Bridging Scene Generation and Planning: Driving with World Model via Unifying Vision and Motion Representation

End-to-end autonomous driving aims to generate safe and plausible planning policies from raw sensor input. Driving world models have shown great potential in learning rich representations by predicting the future evolution of a driving scene. However, existing driving world models primarily focus on visual scene representation, and motion representation is not explicitly designed to be planner-shared and inheritable, leaving a schism between the optimization of visual scene generation and the requirements of precise motion planning. We present WorldDrive, a holistic framework that couples scene generation and real-time planning via unifying vision and motion representation. We first introduce a Trajectory-aware Driving World Model, which conditions on a trajectory vocabulary to enforce consistency between visual dynamics and motion intentions, enabling the generation of diverse and plausible future scenes conditioned on a specific trajectory. We transfer the vision and motion encoders to a downstream Multi-modal Planner, ensuring the driving policy operates on mature representations pre-optimized by scene generation.
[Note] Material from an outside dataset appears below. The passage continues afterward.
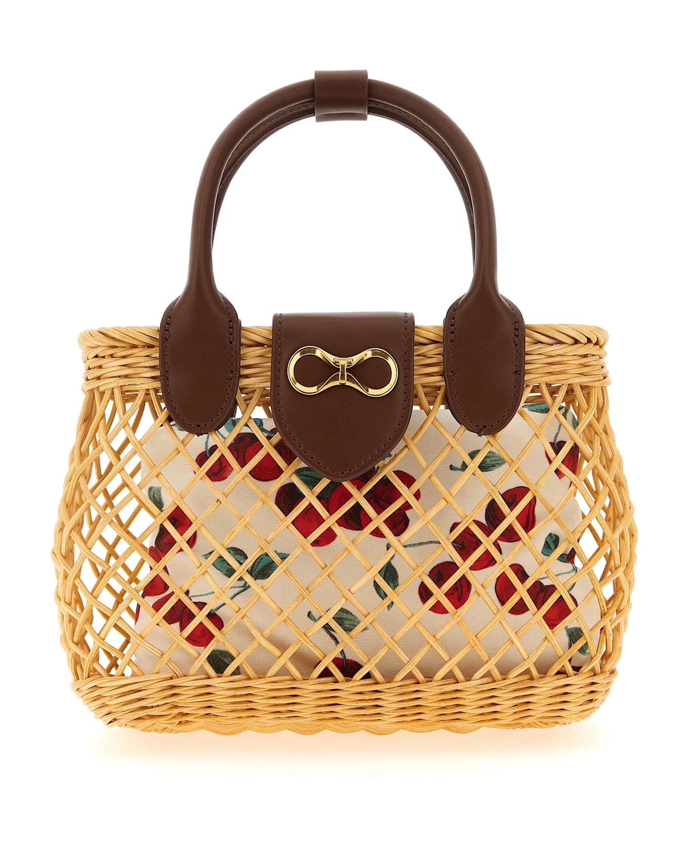 Hand-woven wicker shoulder strap with contrasting smooth leather-effect fabric details, basket design, interior clutch bag in patterned canvas, magnetic closure with front metal logo strap, double fixed handle, adjustable and removable shoulder strap. Handcrafted product, any imperfections are to be considered characteristics of uniqueness.
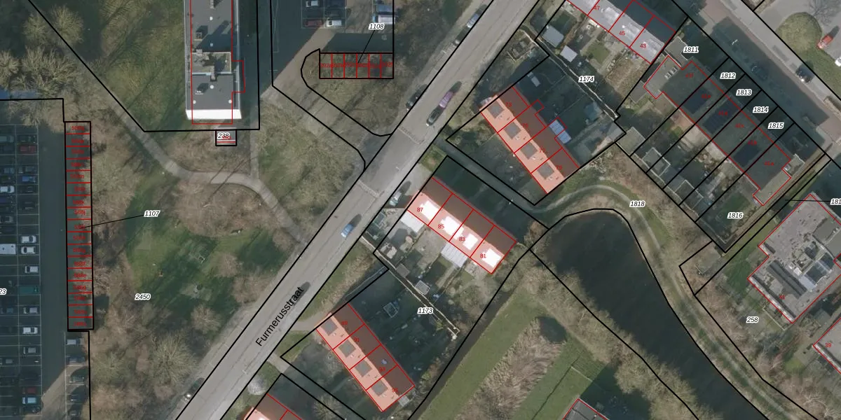 Het perceel waarop Furmerusstraat 87 staat heeft een oppervlakte van 3637 m². Dit is een zeer groot perceel. De perceeloppervlakte wordt geregistreerd door het Kadaster. Gedetailleerde informatie over de maten van dit perceel kunt u vinden in het rapport Kadastrale kaart met maatvoering van Furmerusstraat 87.

A simple interaction between motion representation, visual representation, and ego status can generate high-quality, multi-modal trajectories. Furthermore, to exploit the world model's foresight, we propose a Future-aware Rewarder, which distills future latent representation from the frozen world model to evaluate and select optimal trajectories in real-time. Extensive experiments on the NAVSIM, NAVSIM-v2, and nuScenes benchmarks demonstrate that WorldDrive achieves leading planning performance among vision-only methods while maintaining high-fidelity action-controlled video generation capabilities, providing strong evidence for the effectiveness of unifying vision and motion representation for robust autonomous driving.

翻译：端到端自动驾驶旨在从原始传感器输入中生成安全且合理的规划策略。驾驶世界模型通过预测驾驶场景的未来演变，在学习丰富表征方面展现出巨大潜力。然而，现有驾驶世界模型主要关注视觉场景表征，其运动表征并未被显式设计为规划器共享且可继承的，导致视觉场景生成的优化与精确运动规划的需求之间存在割裂。我们提出WorldDrive，一个通过统一视觉与运动表征来耦合场景生成与实时规划的整体框架。我们首先引入轨迹感知驾驶世界模型，该模型以轨迹词汇表为条件，强制视觉动态与运动意图之间的一致性，从而能够基于特定轨迹生成多样且合理的未来场景。我们将视觉与运动编码器迁移至下游多模态规划器，确保驾驶策略在经场景生成预优化的成熟表征上运行。运动表征、视觉表征与自车状态之间的简单交互即可生成高质量的多模态轨迹。此外，为利用世界模型的预见能力，我们提出未来感知奖励器，其从冻结的世界模型中蒸馏未来潜在表征，以实时评估并选择最优轨迹。在NAVSIM、NAVSIM-v2和nuScenes基准上的大量实验表明，WorldDrive在纯视觉方法中实现了领先的规划性能，同时保持了高保真度的动作控制视频生成能力，为统一视觉与运动表征以实现鲁棒自动驾驶的有效性提供了有力证据。